Employee Data Privacy

Are there any restrictions on transferring personal data and how can these be overcome?

Cross-border data transfers affect all organizations that engage online IT services, cloud-based services, remote access services and global HR databases. Understanding the applications of lawful data transfer mechanisms is essential to validate recipients located outside the United Kingdom. Data transfers typically include the following examples:

• personal data communicated over the telephone, by email, fax, letter, through a web tool or in person to a country outside the UK;
• IT systems or data feeds which lead to personal data being stored on databases hosted outside the UK;
• people/entities outside the UK being able to access or "see" personal data held in the UK; and
• the use of personal data by third parties through external solutions, e.g., outsourcing, offshoring and cloud computing.

Cross-Border Data Transfers 

First, it is important to note that the transfer of personal data to a third country or an international organization is possible. The transfer is legally allowed where the Commission has decided that the third country, a territory or one or more specified sectors within that third country, or the international organization in question ensures an adequate level of protection. A transfer based on a decision of adequacy shall not require any specific authorization.

In the absence of a decision of adequacy, the personal data transfer to a third country may take place if appropriate safeguards are in place, and on condition that enforceable data subject rights and effective legal remedies for data subjects are available. Examples of measures that can be taken include:

• Binding Corporate Rules (BCR): personal data protection policies offer clear sets of rules for businesses engaged in a joint economic activity. They are adhered to by a controller or processor established in the country for transfers of personal data to a controller or processor in one or more third countries.

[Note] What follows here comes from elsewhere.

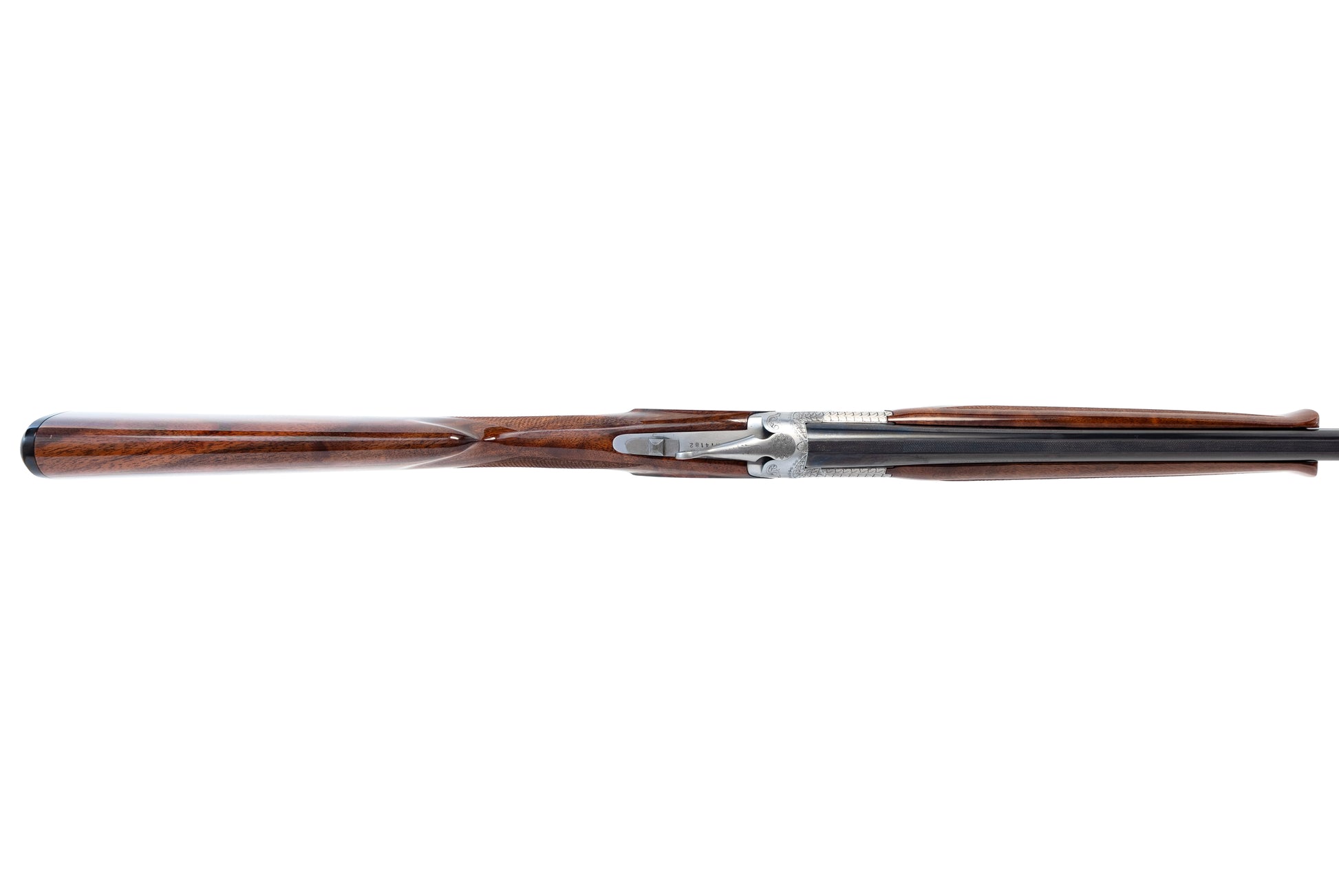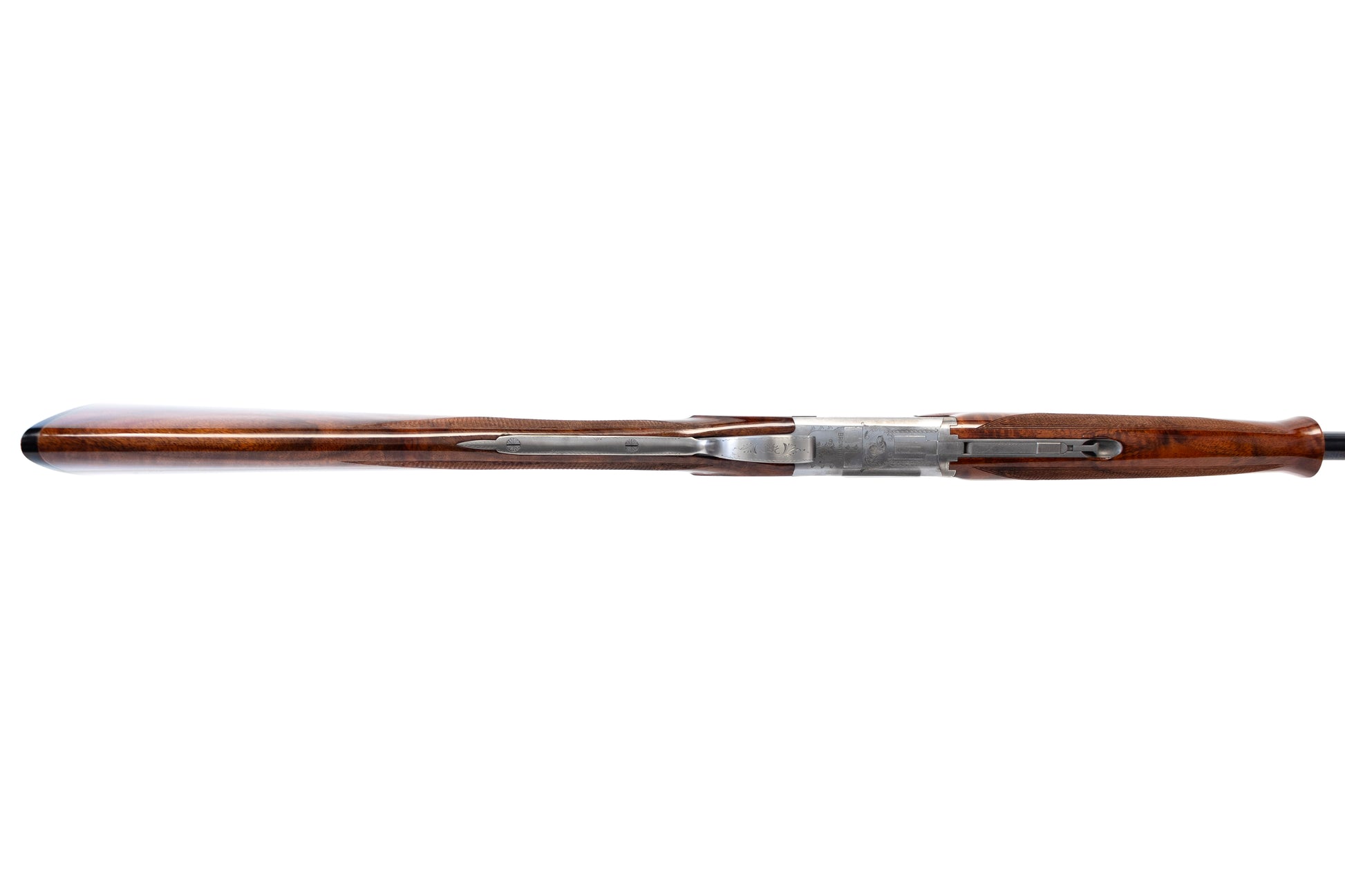 A unique fixed choke (M/IC) B125. This rarely seen inside the United States Browning features a distinguished B Grade straight stock with an extremely slight right handed cast, which is elegantly complemented by a traditional style long tang and solid butt plate. The schnabel forend is fitted with the traditional Superposed style latch system. All of the wood is in great condition for its age, with very few handling marks to the lustrous high gloss finish.

The BCR must contain: privacy principles (transparency, data quality, security, etc.); tools of effectiveness (audit, training, complaint handling system, etc.); and an element proving that the BCR are binding.

The BCR must be submitted to the data protection authority, and will be amended in collaboration with other data protection authorities. The entire approval process has no established timeframe.

• Standard Contractual Clauses (SCC): clauses that offer sufficient safeguards with respect to the protection of the privacy and fundamental rights and freedoms of individuals.

The purpose of the SCC "is to facilitate the task of processors in the implementation of transfer contracts." Therefore, each new contract must come with SCC. The SCC are not subjected to any authorities’ approval, the main reason why their content cannot be modified. If changes are made, the parties must submit the document for data protection authority approval. 

While SCC generally work well for smaller companies and bilateral data sharing, they might not fit precisely where there is a complex web of processing, and the growth of affiliates abroad may lead to the need to put in place hundreds of SCC.

Adopting BCR and SCC allows organizations to harmonize practices relating to the protection of personal data within a group, avoid the need for a contract for each single transfer, communicate externally on the company's data protection policy, have an internal guide for employees with regard to personal data management, make data protection integral to the way the company carries out its business.

Cross-Border Data Transfers Between the EU and the UK

While the UK has transitioned out of the European Union (EU) as of December 31, 2020, the EU has agreed to delay personal data transfer restrictions between the EU and the UK for a minimum of four months, which may be extended to six months. This extension is meant to enable personal data transfers between the EU and the UK until an adequacy agreement can be put in place. The adequacy agreement will allow the ongoing free international transfer of employee data between the UK and the EU.

Per guidance (https://ico.org.uk/for-organisations/guide-to-data-protection/guide-to-the-general-data-protection-regulation-gdpr/international-transfers-after-uk-exit/) put out by the UK, “Restricted transfers from the UK to other countries, including to the EEA, are now subject to transfer rules under the UK regime. These UK transfer rules broadly mirror the EU GDPR rules, but the UK has the independence to keep the framework under review.” Transitional arrangements include:

• permitting the transfer of personal data from UK to the European Economic Area (EEA) and to countries which were covered by a European Commission ‘adequacy decision’ on Dec. 31, 2020;
• allowing employers (and others) to continue to use EU SCCs that were valid on Dec. 31, 2020, both for existing restricted transfers and for new restricted transfers;
• allowing certain BCRs to transition to the UK.